(Exercise instructions): Reproduce exactly, and solely, the lines running from the top of the data below through the line with "Works with EMEETLINK", both inclusive. Omit pictures.

(Given information):
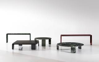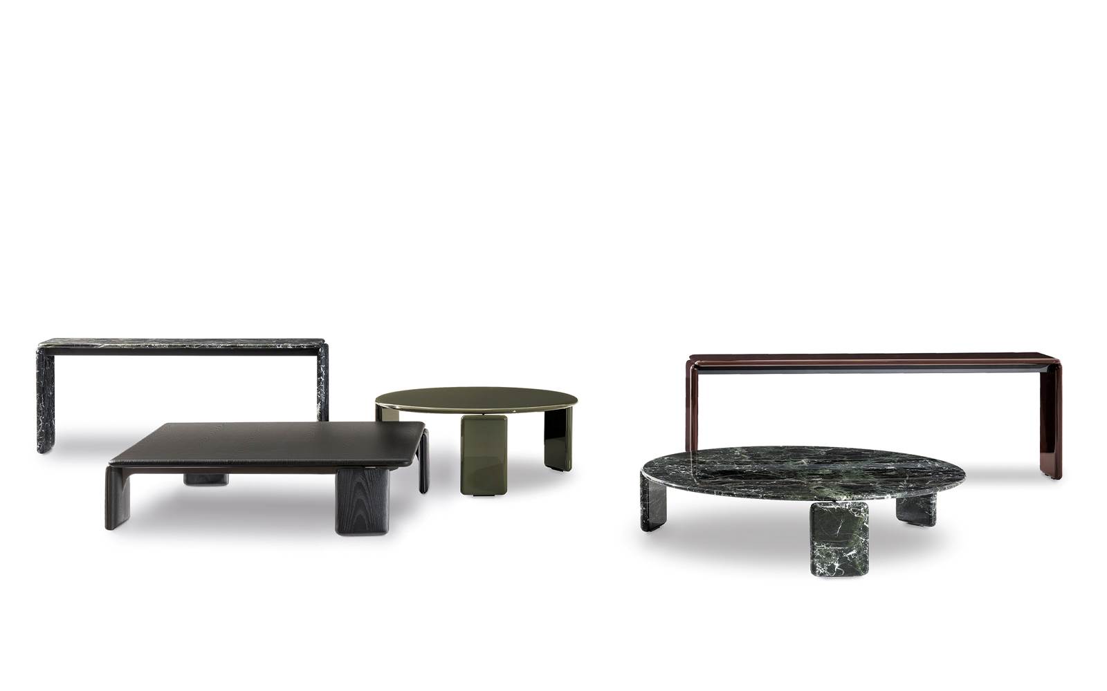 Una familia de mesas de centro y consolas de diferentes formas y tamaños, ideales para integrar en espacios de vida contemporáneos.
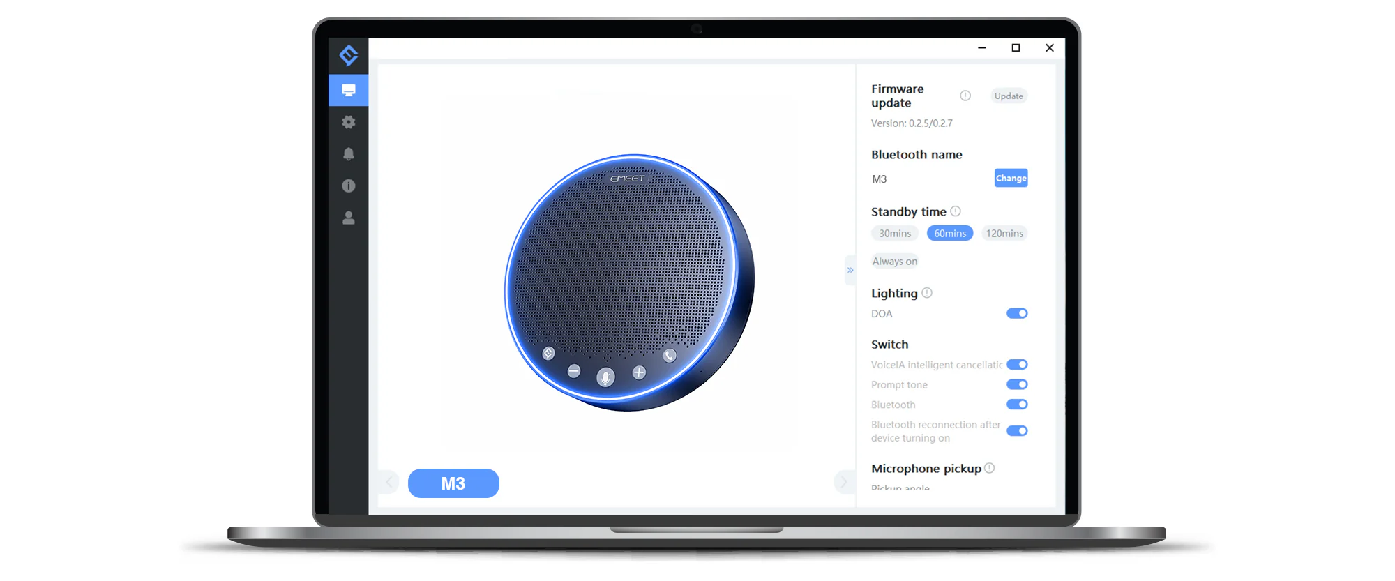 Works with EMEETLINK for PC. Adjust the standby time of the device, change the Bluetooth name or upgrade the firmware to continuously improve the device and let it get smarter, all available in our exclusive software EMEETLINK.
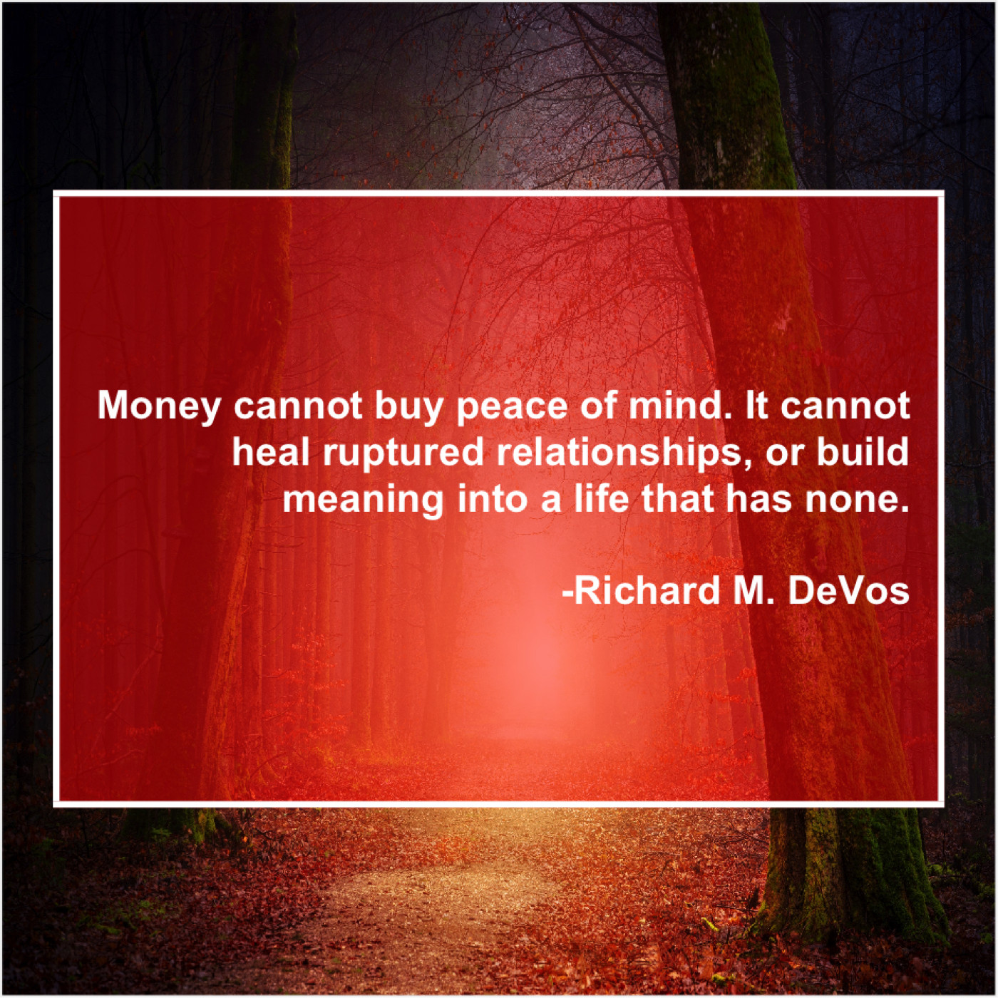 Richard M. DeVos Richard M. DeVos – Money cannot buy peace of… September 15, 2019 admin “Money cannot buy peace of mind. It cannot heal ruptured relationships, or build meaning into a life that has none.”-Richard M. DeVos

(Answer area):
 Una familia de mesas de centro y consolas de diferentes formas y tamaños, ideales para integrar en espacios de vida contemporáneos.
 Works with EMEETLINK for PC. Adjust the standby time of the device, change the Bluetooth name or upgrade the firmware to continuously improve the device and let it get smarter, all available in our exclusive software EMEETLINK.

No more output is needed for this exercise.